*Task to carry out*.
Exclude the pictures, then copy word for word the lines running from the beginning of the records through the line with "Waste water tank".
________________
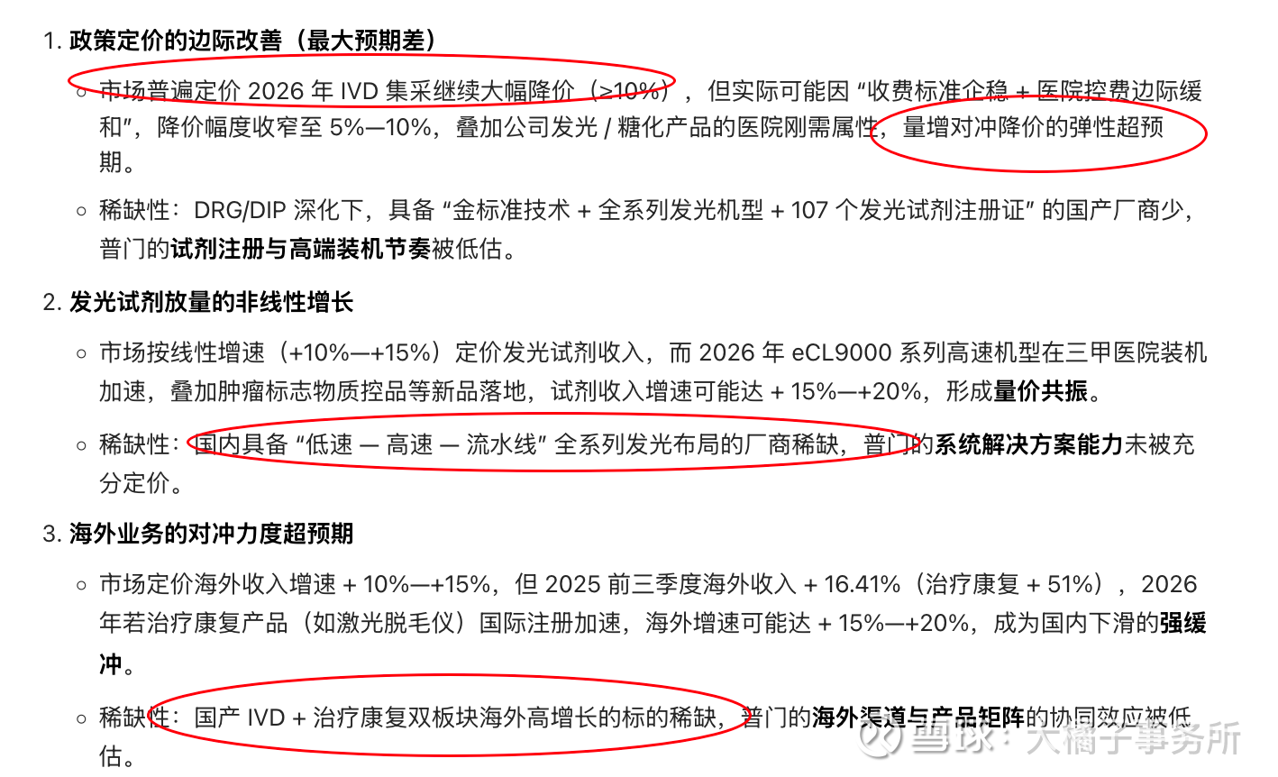 未来边际情况持续追踪:预期差核心来自政策定价修复 + 发光试剂放量 + 海外高增长三方面。
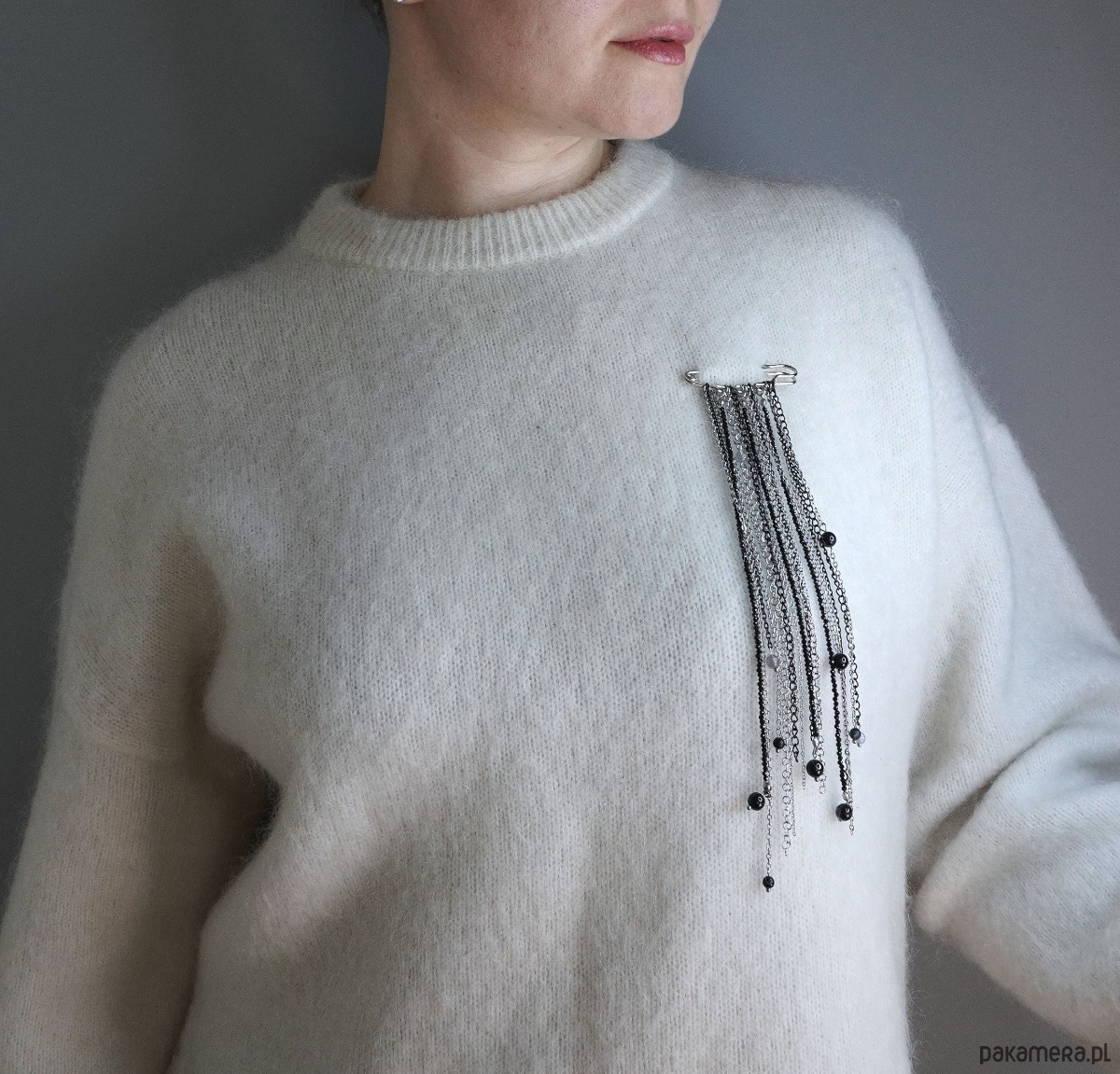 Akcent na swetrze: Idealnie przełamuje fakturę wełnianych i dzianinowych splotów.
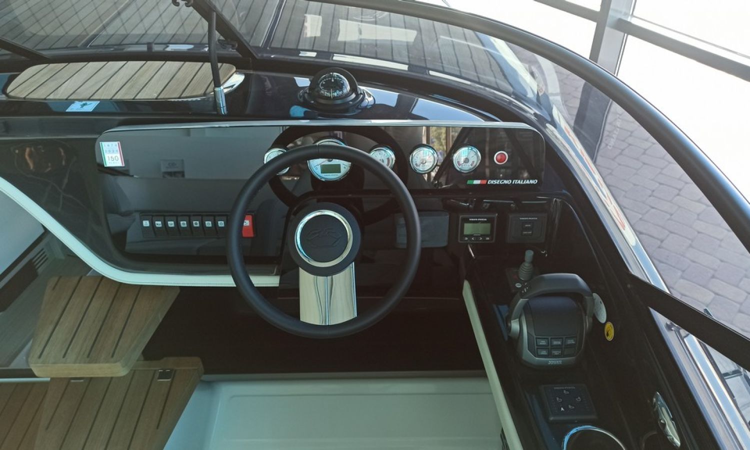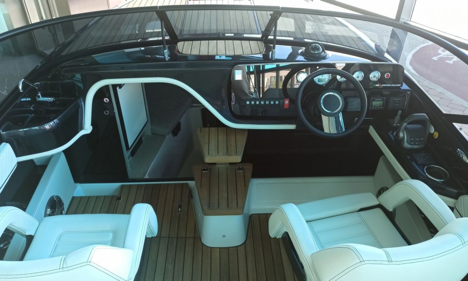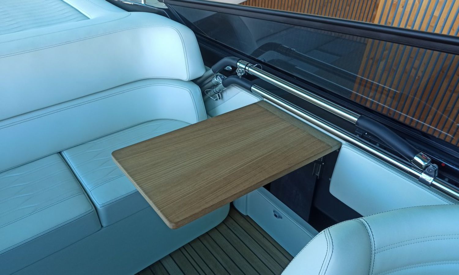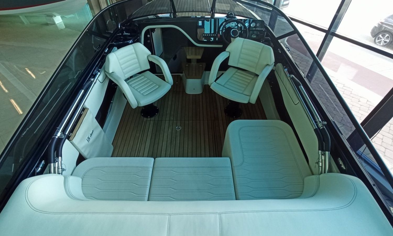 Waste water tank - Bimini top black microperforated - Bow thruster with automatic fire extinguisher - Cabin refrigerator 42 l - 230 V electric wiring system with battery charger and shore power with cable - 6 Fenders and covers - Radio Fusion Bluetooth/USB - Cockpit table with cover - Complete foredeck teak laid - Teak laid cockpit - Cockpit cover - Electric anchor winch with anchor and chain - Electric marine WC with cover - Fender covers alternative colour to standard one - Exterior upholstery Silvertex - Hull and deck colour lacquered - CE certificate and declaration of conformity - Transport shipyard to Costa Brava.Boat description
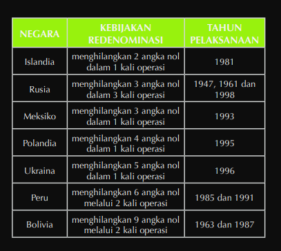 Redenominasi bukanlah hal yang baru. Beberapa negara tercatat juga pernah melakukannya, berikut adalah beberapa negara yang melakukan redenominasi:
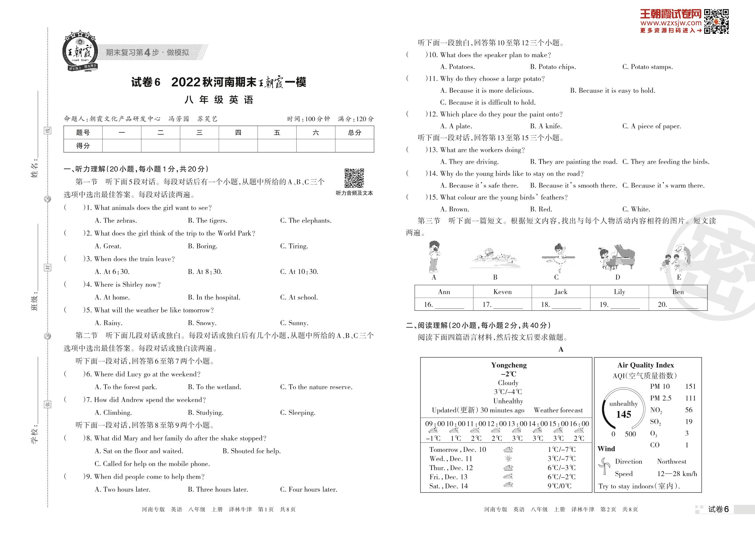 王朝霞期末模拟卷八年级上册英语(译林牛津版)_R221116163648223【6】
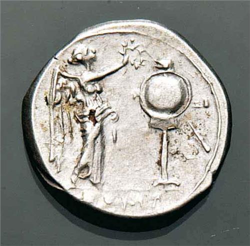 Monete Romane Repubblicane - Anonime - Vittoriato databile agli anni successivi al 211 a.C. - Metallo: Ag - Zecca: Roma - Diritto: effigie di Giove a destra - Rovescio: la Victoria incorona un trofeo - gr. 3,24 -
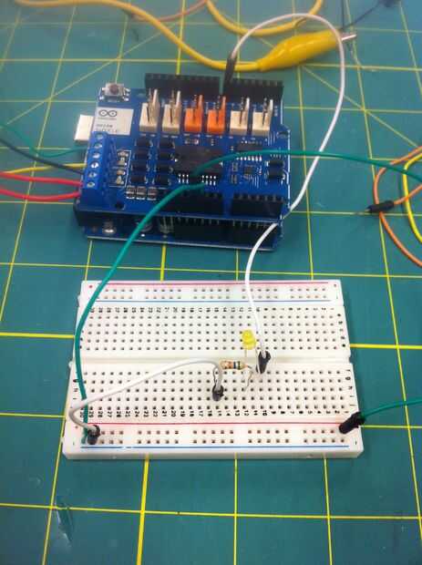 En este paso nos marquen un LED intermitente, similar a este tutorial instructable. Aunque este es un paso simple, podría ser útil obtener más información acerca de cómo funciona la configuración, como no vamos a través de puntos específicos en este paso.
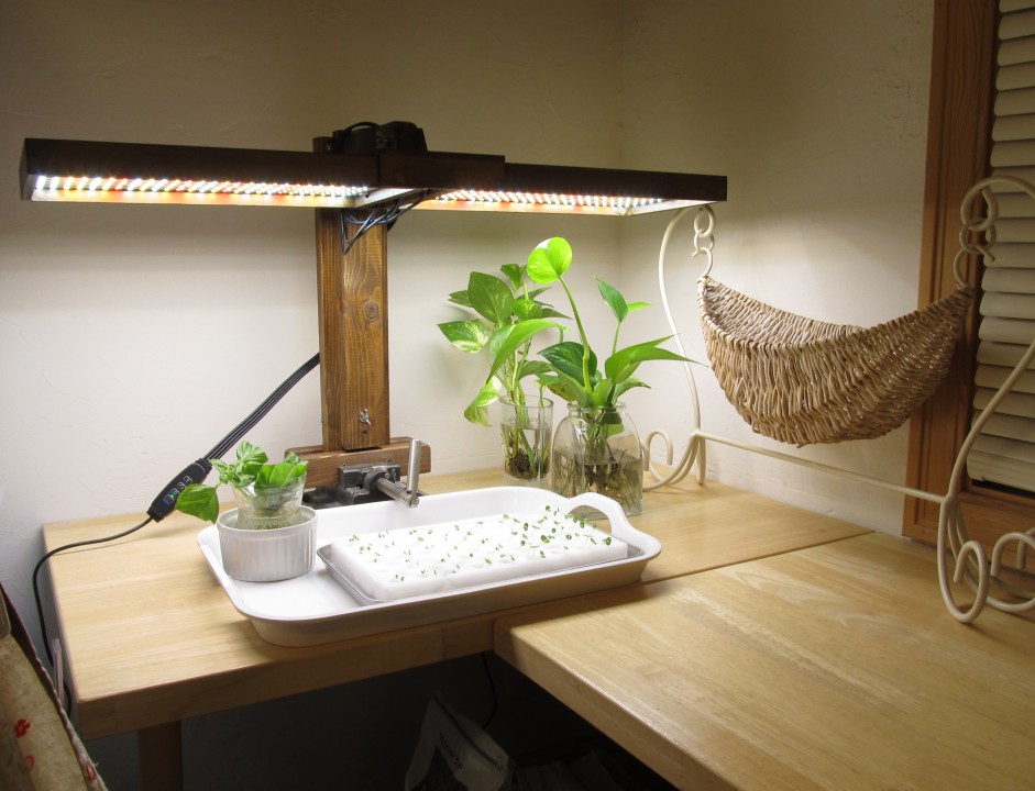 「室内で日当たりがよくないのも一因だろう」と植物育成用LEDを購入。 バジルは日照を好むらしい・・・。
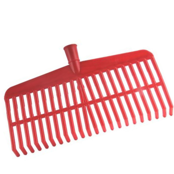 Scopa a rastrello rossa rigida per olive in PVC 22 denti con rinforzo predisposizione manico in legno o plastica
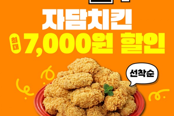 자담치킨이 신메뉴 ‘뿌슐랭치킨’ 출시를 계기로 할인 프로모션..
________________
*Written solution*.
 未来边际情况持续追踪:预期差核心来自政策定价修复 + 发光试剂放量 + 海外高增长三方面。
 Akcent na swetrze: Idealnie przełamuje fakturę wełnianych i dzianinowych splotów.
 Waste water tank - Bimini top black microperforated - Bow thruster with automatic fire extinguisher - Cabin refrigerator 42 l - 230 V electric wiring system with battery charger and shore power with cable - 6 Fenders and covers - Radio Fusion Bluetooth/USB - Cockpit table with cover - Complete foredeck teak laid - Teak laid cockpit - Cockpit cover - Electric anchor winch with anchor and chain - Electric marine WC with cover - Fender covers alternative colour to standard one - Exterior upholstery Silvertex - Hull and deck colour lacquered - CE certificate and declaration of conformity - Transport shipyard to Costa Brava.Boat description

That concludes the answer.